Vytorin, the combination drug (simvastatin (better known by its commercial name Zocor) and ezetimibe--known as Zetia) prescribed to lower cholesterol, sustained another blow today, when the author of a major clinical trial announced that the medication had failed to drive down hospitalization and death due to heart failure in patients with narrowing of the aortic valve. In the process, researchers in Norway detected a significant blip in cancers in the 1,800 subjects they followed

Today's findings suggested something more ominous: the incidence of cancer -- and of dying of cancer -- was significantly higher in the patients taking Vytorin. Altogether, 67 patients on placebo developed cancer during the trial. Among subjects on Vytorin, 102 developed cancers of various kinds.*  This is the second adverse press—the first being in March 08, when the ENHANCE trial found that Vytorin fared no better than a placebo at reducing plaque buildup on the walls of patients' arteries.* *

Comments by jk

Simvastatin (Zocor) is off patent.  Thus in a scramble for profits a combination drug (on patent) was introduced.  Direct to consumer market cost $155 in 07—mainly TV ads. 
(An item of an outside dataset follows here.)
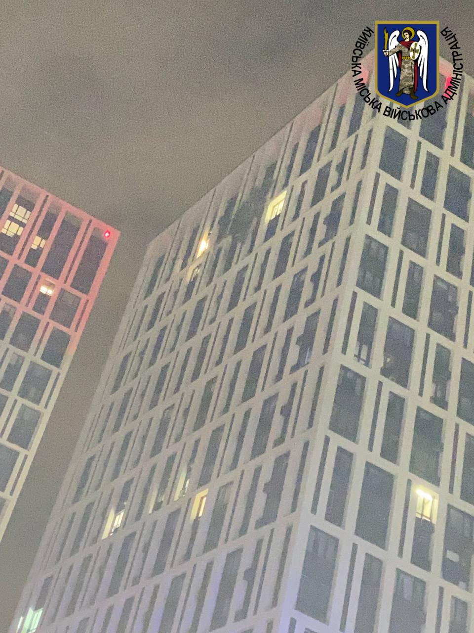 На останньому поверсі 25-поверхівки в Дарницькому районі осколкові поранення дістали 19-річна дівчина та 23-річний чоловік, їх шпиталізували. Суспільне уточнює, що чоловік і дівчина перебували в різних будинках.
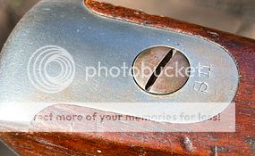 On this rifle, the latch has a Domed shape and is not ground down flat like on later rifles.

*  The pressing issue is that since the development  of Statins, the very first animal studies in the 60s it has been known that Statins increase the incidents of cancer.  However, nearly all studies done thereafter have not included cancer. 

*  Several studies have failed to find a reduction in the build of plaque, even thought the statins including Zocor, reduce LDL and cholesterol.  Few studies include the principle reason for taking a statin, namely a reduction in the death rate.  Claims for such reduction probably entail a failure to control the contravening variable, aspirin usage.  Given a pile of evidence, including the very mechanism of plaque formation, which involves inflammation process, I must conclude that the use of statins is highly suspect.  Given the harm done including cognitive impairment, weakness, and cancer, if my skepticism is born out, the harm done by statins as a course of treatment will far surpass that of VIOXX which killed over 200,000 people world wide by accelerating atherosclerosis.